A reverse stock split occurs when a company tries to increase its share price while decreasing the number of outstanding shares. This does not change the overall value of the company or an investor's holdings, the number of shares one owns, or the value per share.
When a company executes a 1:5 reverse stock split, the five existing shares are consolidated into a single share. So, if you used to own 500 shares pre-split, after the split, you will own only 100 shares at the same value because their price will adjust accordingly.
Why Do Companies Opt for Reverse Stock Splits?
- Compliance with Stock Exchanges: Companies listed on Indian stock exchanges, such as the NSE or BSE, must maintain a minimum share price. Share depreciation may cause the company to fail to fulfill the listing requirements. A reverse stock split inflates the value of a company's share without impacting its market capitalization.
- Improvement in Market Perception: Shares trading at very low prices are considered "penny stocks" and thus unlikely to attract Institutional investors. A higher price post-reverse split makes the share look more legitimate and attracts investors.
- Facilitate Mergers or Acquisitions: Companies going through mergers or acquisitions before reverse stock splits are quite common to create a favorable share structure or valuation.
- Reduce Volatility: Penny stocks are very volatile. A higher price after a reverse stock split would stabilize the stock's movement.
Impact on Investors
Indian investors do have a reason to feel anxious about a reverse stock split because such an event is usually associated with financially stressed companies battling low share prices. However, one should remember that a reverse split does not change the value of their investment.
Let's take an example:
Suppose you have ₹5.00 as the price of 1,000 company shares. If the company carries a reverse split of 1:10, you will now hold 100 shares valued at ₹50 each. The total worth of your holdings, ₹5,000, remains the same.

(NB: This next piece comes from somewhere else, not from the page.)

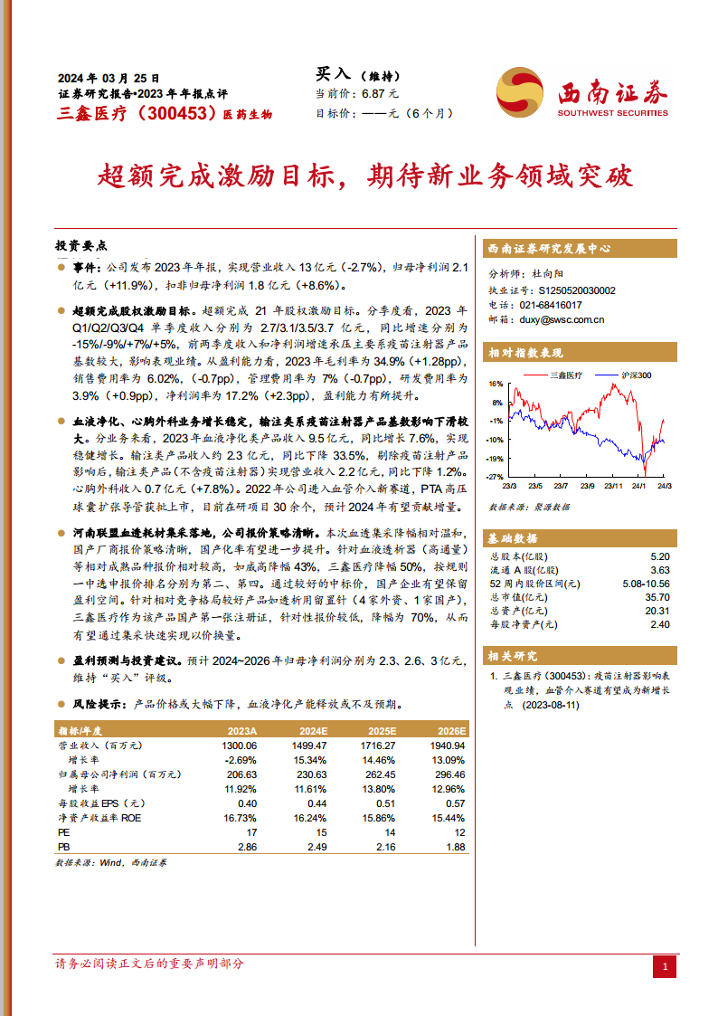 三鑫医疗在2023年展现了强劲的经营韧性和盈利能力,成功超额完成股权激励目标,并通过精细化管理实现了毛利率和净利润率的显著提升。尽管输注类业务受疫苗注射器高基数影响短期承压,但核心的血液净化业务保持稳健增长,并通过积极的集采策略巩固了市场地位。公司在心胸外科领域持续发力,并成功布局血管介入等创新赛道,PTA高压球囊扩张导管的获批上市预示着新的业绩增长点。综合来看,公司业务结构持续优化,新旧动能转换有序推进,未来业绩增长可期。基于对公司未来盈利能力的积极预测,西南证券维持“买入”评级,但投资者仍需关注产品价格波动和产能释放等潜在风险。

However, this is not the only aspect that can change post-split trading dynamics. Improved liquidity due to higher stock prices and, in some cases, renewed interest in the stock are possible scenarios. On the other hand, if a reverse stock split is perceived as a desperate move, it may discourage investors.
Conclusion
A reverse stock split is one of those strategic tools in the hands of companies to manipulate their stock prices and enhance perception in the market. It does not change anything because it doesn't change any value, but it signals that management is trying to correct some issues.